AD: American Philosophical Society

These two scraps of Franklin’s ongoing argument for the colonies appear to be directed at the British public, although no trace of either one has been found in the newspapers of the period. The first fragment is divided into two parts by a gap in the manuscript; the initial paragraph might have been written at any time, but the second implies that hostilities are in the offing.
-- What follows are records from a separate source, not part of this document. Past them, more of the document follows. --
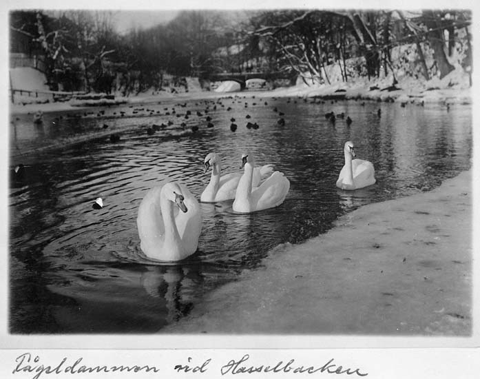Text på kortet: "Fågeldammen vid Hasselbacken".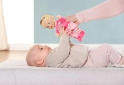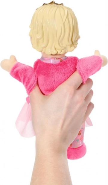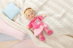 Die BABY born for babies Prinzessin ist die ideale erste Puppe für Babys und Kleinkinder. Der weiche Körper lädt zum Kuscheln ein, während der leichte Vinylkopf mit goldener Krone der Spielfigur einen königlichen Look verleiht. Integrierte Täschchen in den Händen machen die Puppe zur Handpuppe – einfach die Finger hineinstecken und Geschichten zum Leben erwecken.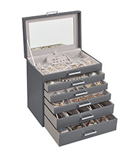 Ez az elegáns, szürke ékszertartó doboz tökéletes megoldást nyújt értékes ékszerei biztonságos és rendezett tárolására. A 6 szinten elhelyezkedő, különböző magasságú fiókok és rekeszek lehetővé teszik minden típusú ékszer megfelelő elhelyezését, a gyűrűktől kezdve a nagyobb nyakláncokig.

So does the other, incomplete fragment, and we are therefore tentatively dating them both during the last year of Franklin’s mission.

[1774–75?]

I.

Tis indeed a great and magnanimous Nation: but When we see how easily it is mov’d by Party Writers and Declaimers, and exasperated against its best Friends, When we see its Mind chang’d so easily to Purposes directly contrary, by a Pamphlet or a Protest; how can we resolve to submit to its absolute Government without Check, without being [interlined: when we are not] represented, &c.
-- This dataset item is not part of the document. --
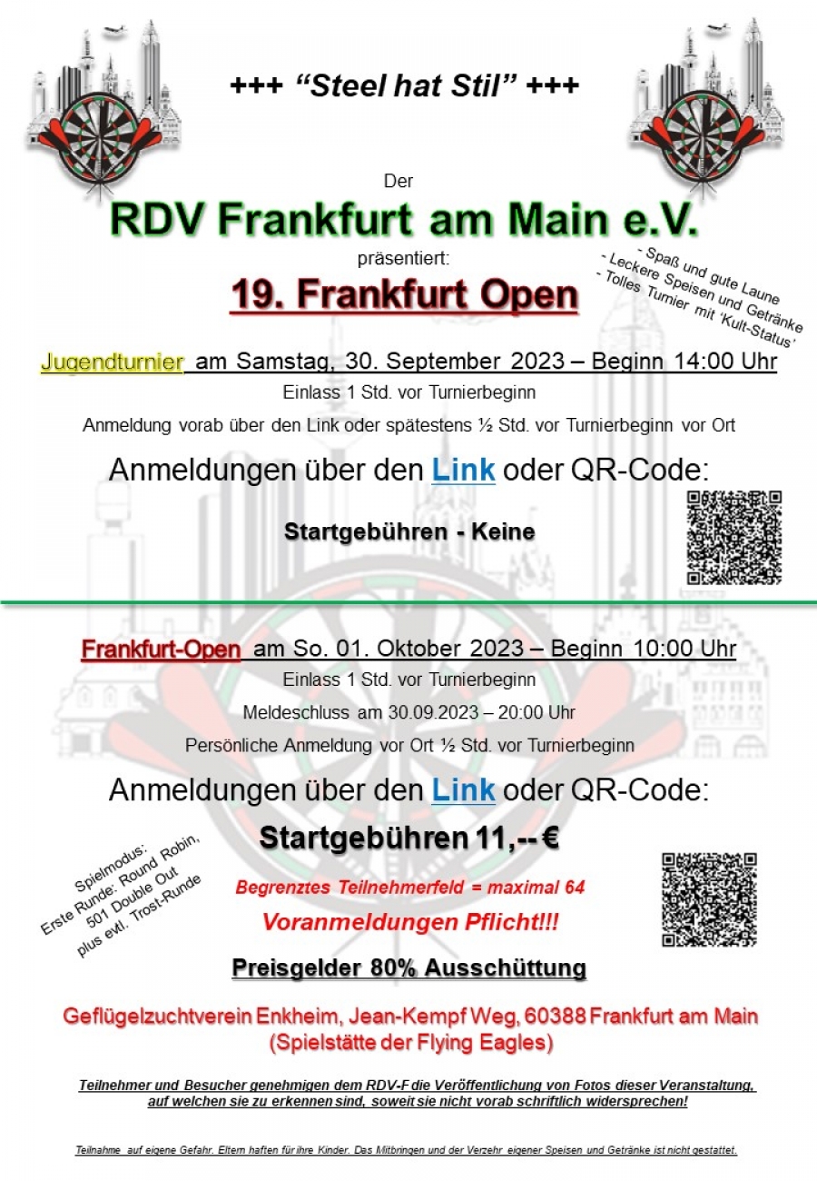 Die 19. Frankfurt Open stehen an und die Ausschreibung für unser Turnier ist da!

We know your Power can crush us: but ’tis time enough to submit to absolute Power when those who chuse to spend all their Property in defending it, rather than give it up to the insolent groundless Claim of Oppressors, have spent it. When we can no longer resist it, when those who chuse rather to die in Defence of their Liberty than consent to Slavery are accordingly dead.2 This Nation looks upon us at present with perhaps too much Contempt. It is worth while to struggle bravely and run some Risque of Life and Fortune, were it only, that we might prove our selves worthy of the Race from whence we sprung and obtain some Share of your Esteem.

II.3

Let me take this Opportunity to express my Astonishment, at what I so frequently see in the Papers, that this that and the other Colonel in the Army, or Captain in the Navy, have officiously proposed with a few Regiments or a few Ships to reduce the Americans, &c. Is it to recommend themselves to Ministry, or to the Nation, that they thus show their Readiness to shed Brothers Blood? Do they not by thus forwardly offering themselves as willing Instruments for establishing Tyranny, give us some reason to suspect, that our Liberties at home [torn] a standing Army [remainder missing.]

[Note numbering follows the Franklin Papers source.]

2The draft reads “to submit to absolute Power when we can no longer … accordingly dead: When those who chuse to spend … have spent it.” BF indicated in the margin that the clauses should be reversed, and we have followed his instructions.

3At the head of the page, in BF’s hand but apparently written with a different pen, appears the following list: “Ship Lydia / 219 Casks of Nails / 130 Boxes Glass / 50 or 60 Hogsheads of Pewter and Brass Ware, &c. &c.” The metalware and glass might well have been, except for their bulk, household goods that he was shipping home; the 219 casks of nails leave us bemused.